Managing the Uncertainty of Legacy Code: Part 1

On June 3, 2020, TechTalk hosted a meetup at which I spoke about managing the various kinds of uncertainty that we routinely encounter on projects that involve legacy code. I presented a handful of ideas for how we might improve our practices related to testing, design, planning, and collaboration. These ideas and practices help us with general software project work, but they help us even more when working with legacy code, since legacy code tends to add significant uncertainty and pressure to every bit of our work. Fortunately, we can build our skill while doing everyday work away from legacy code, then exploit that extra skill when we work with legacy code. Here are some questions that came up during this session and some answers to those questions.

You’ll find the remaining articles in this series here as they are released.

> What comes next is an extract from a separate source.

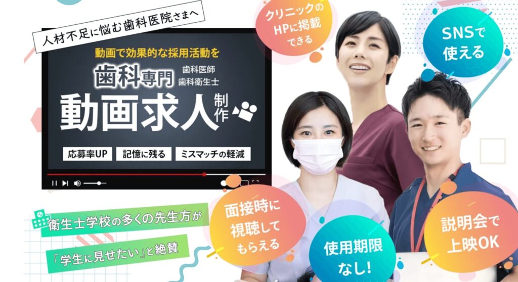 DEN-PROが多くの歯科医院から高い評価を得ている理由のひとつとして、動画を活用したアプローチを得意としていることが挙げられます。DEN-PROでは、求職者に医院の魅力を効果的に伝える採用動画の制作サービスを提供しており、YouTubeでの二次活用も可能です。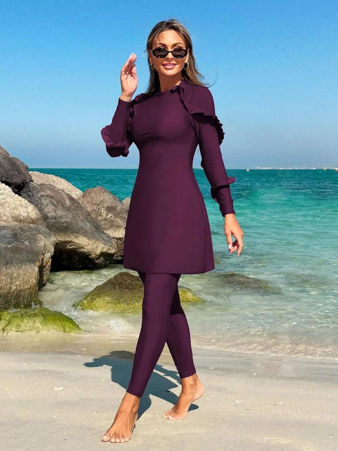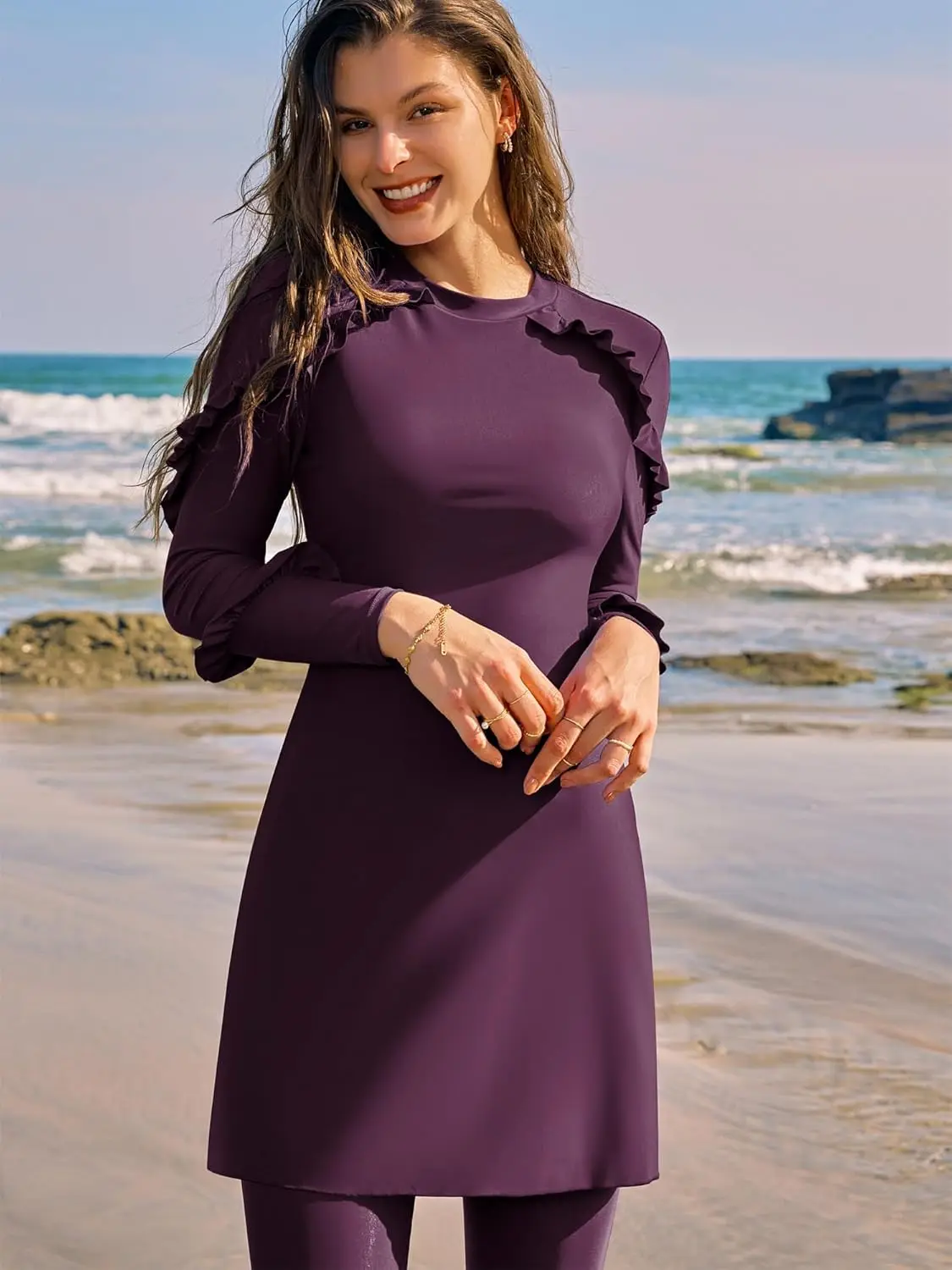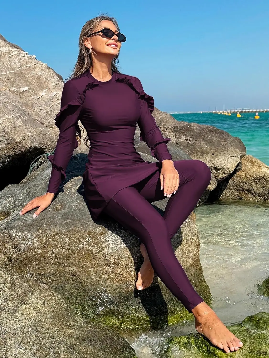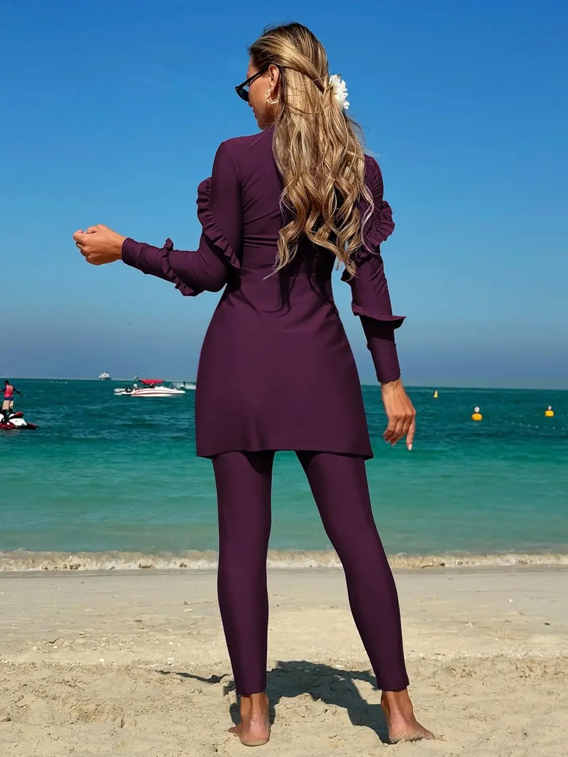 For Women Modest Muslim Two-piece Full Coverage Ruffle Islamic Arabic Burkini Swimsuit Spandex/Polyester

One of the issues is that the legacy code base consists of useful code and dead code and it’s hard to know which is which.

Indeed so. Working with legacy code tends to increase the likelihood of wasting time working with dead code before we feel confident to delete it. I don’t know how to avoid this risk, so I combine monitoring, testing, and microcommitting to mitigate the risk.

Microcommits make it easier to remove code safely because we can recover it more safely. Committing frequently helps, but also committing surgically (the smallest portion of code that we know is dead) and cohesively (portions of code that seem logically related to each other) helps. If our commits are more independent, then it’s easier to move them backward and forward in time, which makes it easier to recover some code that we mistakenly deleted earlier while disturbing the live code less. We will probably never do this perfectly, but smaller and more-cohesive commits make it more likely to succeed. This seems like a special case of the general principle that as I trust my ability to recover from mistakes more, I feel less worried about making mistakes, so I change things more aggressively. When I learned test-driven development in the early years of my career, I noticed that I become much more confident to change things, because I could change them back more safely. Practising test-driven development in general and microcommitting when working with legacy code combine to help the programmer feel more confident to delete code—not only code that seems dead.

Even with all this, you might still feel afraid to delete that code. In that case, you could add “Someone executed this code” logging statements, then monitor the system for those logging statements. You could track the length of time since you last saw each of these “heartbeat” logging messages, then make a guess when it becomes safe to delete that code. You might decide that if nothing has executed that code in 6 months, then you judge it as dead and plan to remove it. This could never give us perfect confidence, but at least it goes beyond guessing to gathering some amount of evidence to support our guesses.

More testing, especially microtesting, puts more positive pressure on the design to become simpler: less duplication, better names, healthier dependencies, more referential transparency. I have noticed a pattern: as I simplify the design, I find it easier to notice parts that look irrelevant and I find it clearer that those parts are indeed dead code. Moreover, sometimes obviously dead code simply appears before my eyes without trying! This makes it safer to delete that code, using the microcommitting and monitoring as a recovery strategy in case I get it wrong.

So not all legacy code adds value to the business… but it is hard to know which part does.

Indeed so. We have to spend time, energy, and money to figure this out. I accept responsibility as a programmer to give the business more options to decide when to keep the more-profitable parts running and to retire the less-profitable parts. As I improve the design of the system, I create more options by making it less expensive to separate and isolate parts of the system from each other, which reduces the cost of replacing or removing various parts. Remember: we refactor in order to reduce volatility in the marginal cost of features, but more-generally in the marginal cost of any changes, which might include strangling a troublesome subsystem or a less-profitable feature area.

The Strangler approach describes incrementally replacing something in place: adding the new thing alongside the old thing, then gradually sending traffic to the new thing until the old thing becomes dead. Refactoring the system to improve the health of the dependencies makes this strangling strategy more effective, which gives the business more options to replace parts of the legacy system as they determine that a replacement would likely generate more profit. As we improve the dependencies within the system, we give the business more options by reducing the size of the smallest part that we’d need to replace. If we make every part of the system easier to replace, then we increase the chances of investing less to replace less-profitable code with more-profitable code.

This illustrates a general principle of risk management: if we don’t know how to reduce the probability of failure, then we try reducing the cost of failure. If we can’t clearly see which parts of the legacy code generate more profit and which ones generate less, then we could instead work to reduce the cost of replacing anything, so that we waste less money trying to replace things. This uses the strategy outlined in Black Swan of accepting small losses more often in order to create the possibility of unplanned large wins.